Java and In-Memory Data Structures – A Flat File Map Proposal
In the past I’ve often used in-memory data structures (vs on disk) in situations where allocating say 5-10MB of data in the local VM is much better than continually hitting a database.
This has only worked because I’m not using very large data structures. My language classification codes uses about 8MB of memory stored in a TreeMap for it’s trained corpus based on Wikipedia.
Recently, I’ve been playing with a much larger corpus for a new feature for Spinn3r.
It originally started off using 500MB which is WAY too much. Bumping it down to 350MB by using a TreeMap was a start but that’s no where NEAR far enough.
What’s happening is that Java itself has per-object overhead. In my analysis it takes 38 bytes for just a basic java.lang.Object.
This is way too much data. If you’re using 8 byte keys (64bit ints) then using 46 bytes to represent them is nearly 6x additional overhead.
In my situation I’m nearly seeing 10x overhead. This 350MB memory image of my data structure can be represented as just 35MB on disk. This would be more than fine for my application.
Which is when I had an idea – why am I using a pre-indexed data structure at all? Why am I keeping millions of copies of java.lang.String and java.lang.Integer instances?
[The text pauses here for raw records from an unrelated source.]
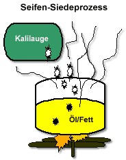 Früher stellten die „Seifensieder“ die Seife (Tenside) her, indem sie Fett bis zum Kochen (sieden) erhitzten. Man gab Kali (Lauge) in die erhitzte Fettmasse und es entstand Seife. Dazu wurden pflanzliche und tierische Fette verwendet.Was passiert dabei?Unter der Hitze spaltet sich Fett in Fettsäre und Glyzerin (Alkohol). Gibt man dann Lauge dazu, neutralisieren sich Lauge und Fettsäure und es entsteht ein Salt (Tensid). Vom Fett/Öl bleibt als Rückstand Glyzerin.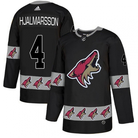 Men's Adidas Arizona Coyotes #4 Niklas Hjalmarsson Authentic Black Team Logo Fashion NHL Jersey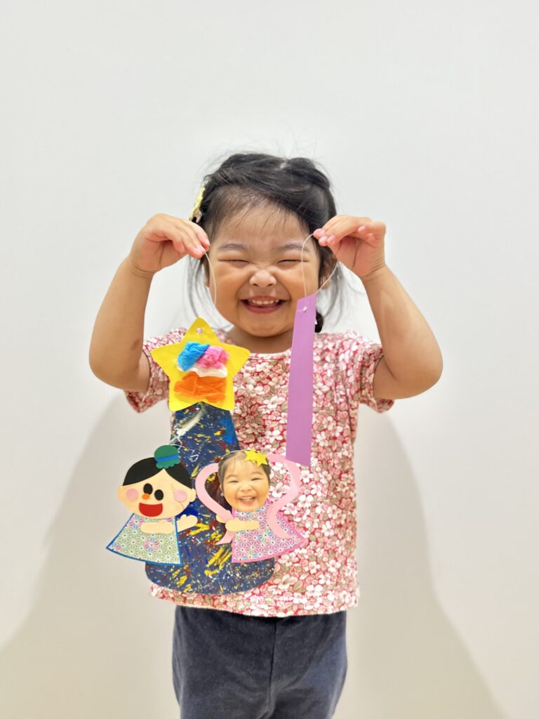 最後は星をつけて完成!! 願い事を書いた短冊を持つと、この表情でした。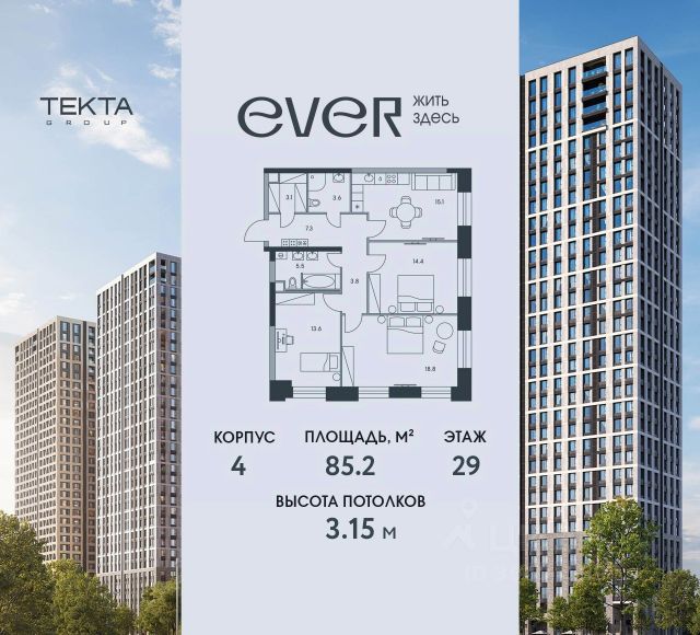 Рассрочка 0% с платежом от 120 000 ₽ в месяц. 3-комн. квартира в ЖК "Ever" на 34 этаже в 34 этажном здании Корпус 4. Общая площадь: 66.7 кв.м., жилая: 48.1 кв.м. Высота потолков 3.85 м. Top Floor — это пространство, которое сочетает в себе уникальный комфорт и элегантность. Увеличенная высота потолков создает ощущение простора и свободы, позволяя свету беспрепятственно заполнять каждый уголок. Здесь вы можете наслаждаться завораживающими панорамными видами на Сити, здание МГУ и Воронцовский парк, которые открываются из больших окон. Каждое утро вы встречаете, глядя на величественные силуэты, которые становятся частью вашего повседневного вдохновения. Город оживает перед вами, и каждый момент наполняется новыми впечатлениями. Утренние лучи солнца отражаются на стеклах, а вечерние огни создают атмосферу магии и уюта. Top Floor — это не просто место для жизни, это возможность наслаждаться атмосферой мегаполиса, оставаясь в уединении. Широкие пространства позволяют вам организовать интерьер по своему вкусу, а высокие потолки придают помещению особую элегантность. Вы можете создавать здесь уютную атмосферу для встреч с друзьями или просто наслаждаться уединением, наблюдая за жизнью города. Это место, где каждый день наполняется новыми красками и возможностями. Top Floor — ваш личный уголок, где царит гармония и комфорт, а виды на Москву становятся фоном для вашей жизни. Жилой комплекс EVER — это гармоничное сочетание динамики мегаполиса и умиротворенности природы. Всего семь минут неспешной прогулки отделяют вас от станции метро ""Калужская"", обеспечивая быстрый доступ ко всем преимуществам жизни в Москве. Вернувшись домой, вы попадаете в атмосферу спокойствия и комфорта. Продуманная инфраструктура комплекса включает в себя не только уютные квартиры, но и удобный подземный паркинг, избавляющий вас от хлопот с поиском места для парковки, а также индивидуальные кладовые помещения, где можно хранить все необходимое. В EVER вы найдете идеальное сочетание комфорта и удобства, позволяющее наслаждаться всеми преимуществами жизни в столице, не забывая о важности спокойствия и близости к природе. Купить 3-комнатную квартиру в готовой новостройке в округе ЮЗАО в Москве.

Here’s what I’m going to do. I’m going to write an in-memory memory mapped file implementation of java.util.Map. Using the new NIO support for mmap files I’m going to write out a file with all the keys sorted and followed by its data.
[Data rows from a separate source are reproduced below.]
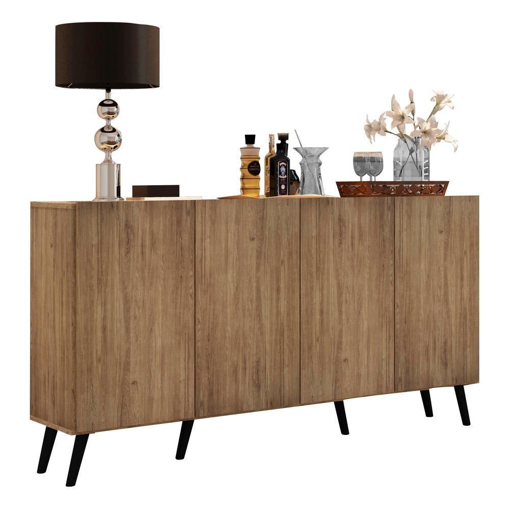 Aparador Buffet 4 Portas C/ Pés Retrô Rustic/Natural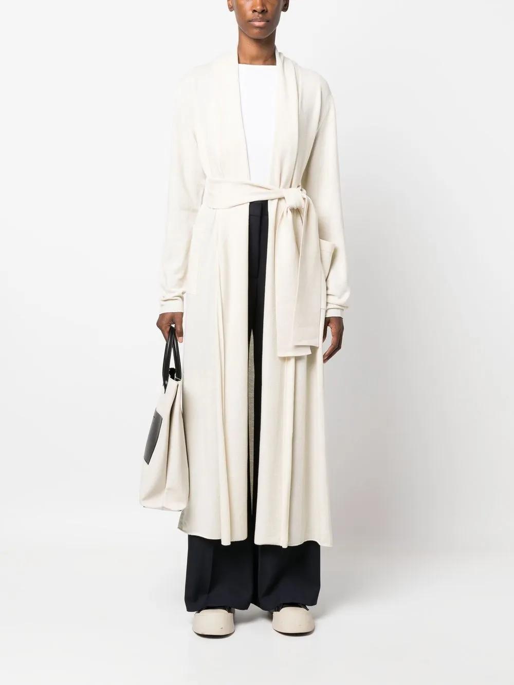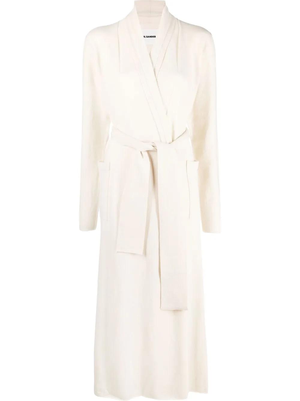 off-white cashmere fine knit shawl lapels long sleeves tied waist two front patch pockets straight hem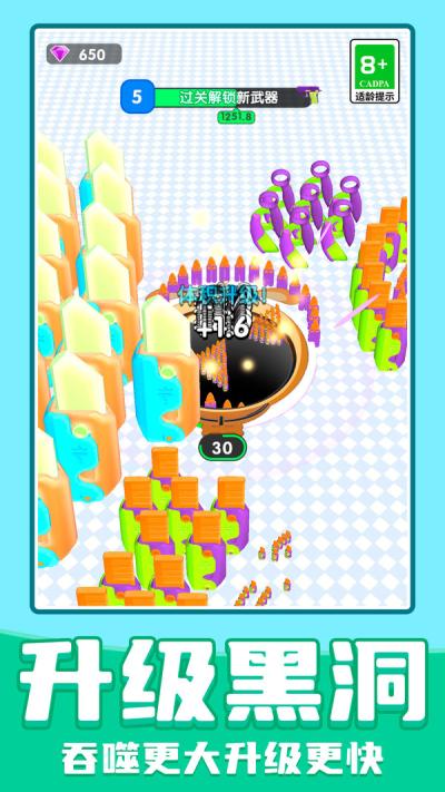 特色一:直观且富有成就感的成长体系。黑洞的每一次吞噬都会带来肉眼可见的体型膨胀,这种视觉与体感上的双重成长,赋予了玩家强烈的掌控感和发展成就感。成长不再是菜单里冰冷的数字,而是战场上实实在在的威慑力与生存资本。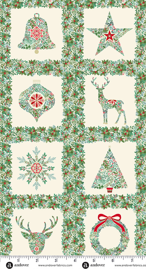 Makower UKOriginal price $4.23 - Original price $4.23Original price$16.92 per yard$4.23 - $4.23Current price $16.92 per yard| /10.5 yards in stockChristmas holly leaves with gold metallic on a cream background.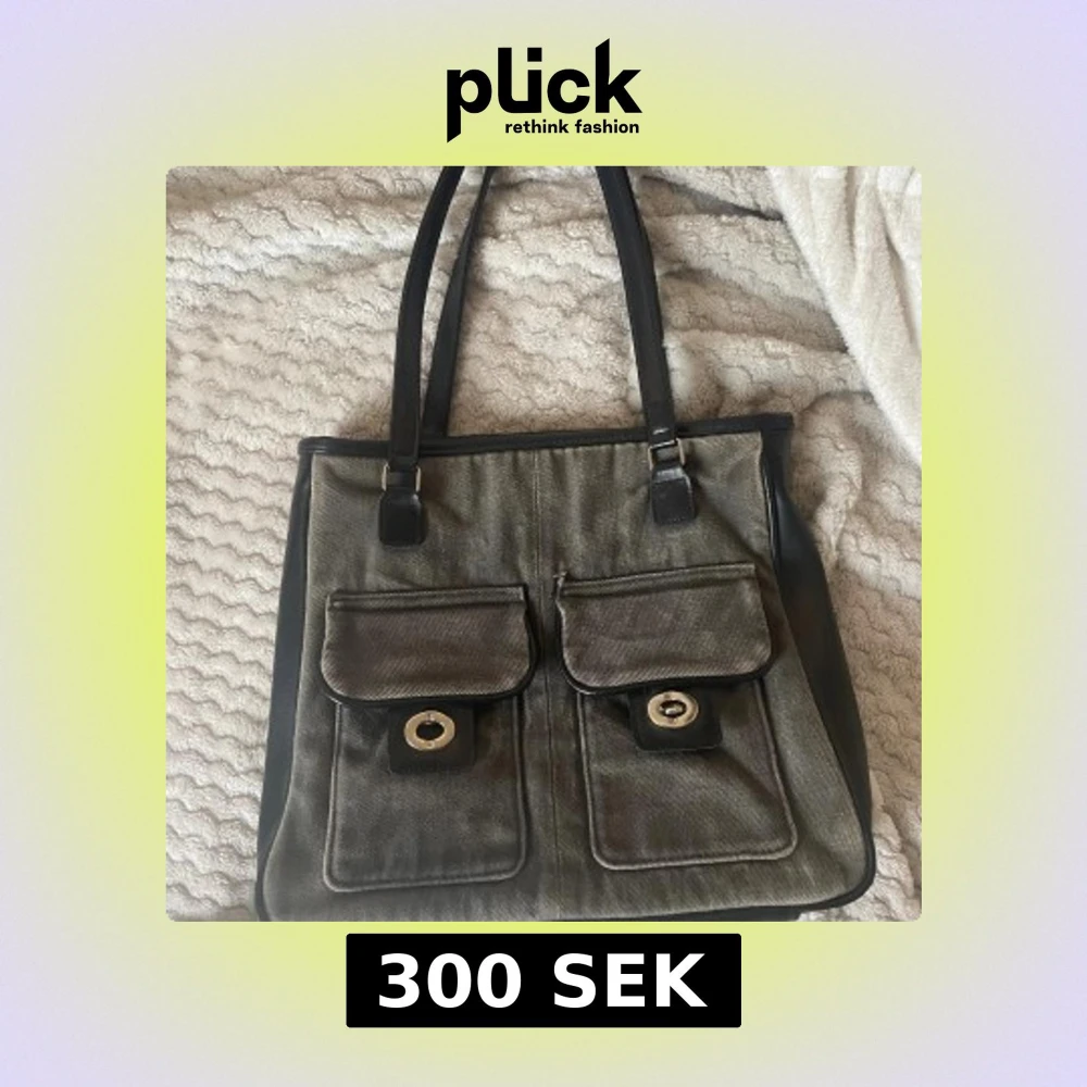 Snygg grå handväska med svarta detaljer och två stora fickor framtill med metallspännen. Väskan har långa svarta handtag och är tillverkad i en kombination av bomullstyg och skinn på sidorna och handtag. Perfekt för dig som vill ha plats för allt viktigt och gillar en stilren look.

So the on-disk format will like:
I read the number of keys and then a perform a binary search on the key region for my key base on it’s byte encoding.
The first pass will only work on fixed width keys and values but it should be easy to add variable width (though this might require a bit more overhead.
This should yield a 10x memory savings with only a slight CPU hit while converting the key to a byte array and parsing the data byte array into an actual java primitive.